→ **WHAT YOU WILL DO**: With the images removed, write out each record exactly as given.

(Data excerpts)
_ _ _ _ _
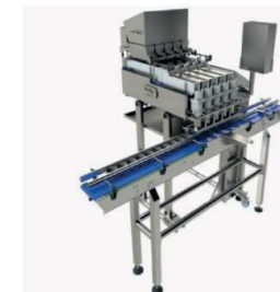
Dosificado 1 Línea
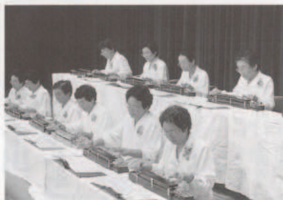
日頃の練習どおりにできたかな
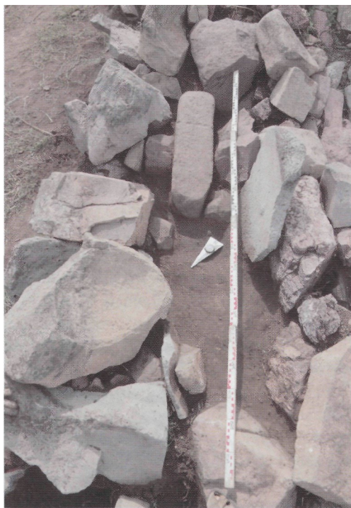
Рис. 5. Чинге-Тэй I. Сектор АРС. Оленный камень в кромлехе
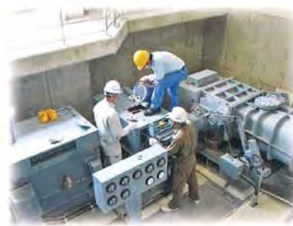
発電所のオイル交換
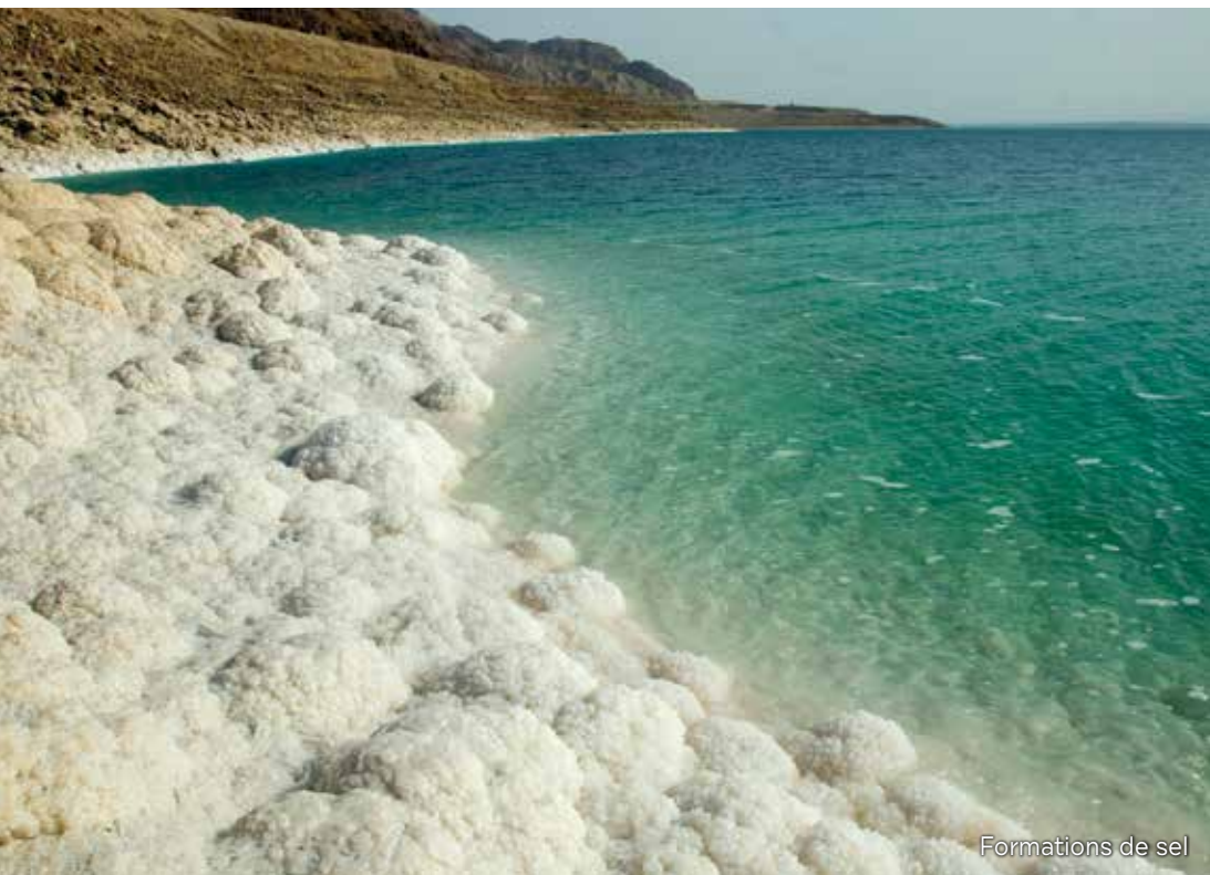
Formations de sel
_ _ _ _ _
→ **ANSWER BOX**:
Dosificado 1 Línea
日頃の練習どおりにできたかな
Рис. 5. Чинге-Тэй I. Сектор АРС. Оленный камень в кромлехе
発電所のオイル交換
Formations de sel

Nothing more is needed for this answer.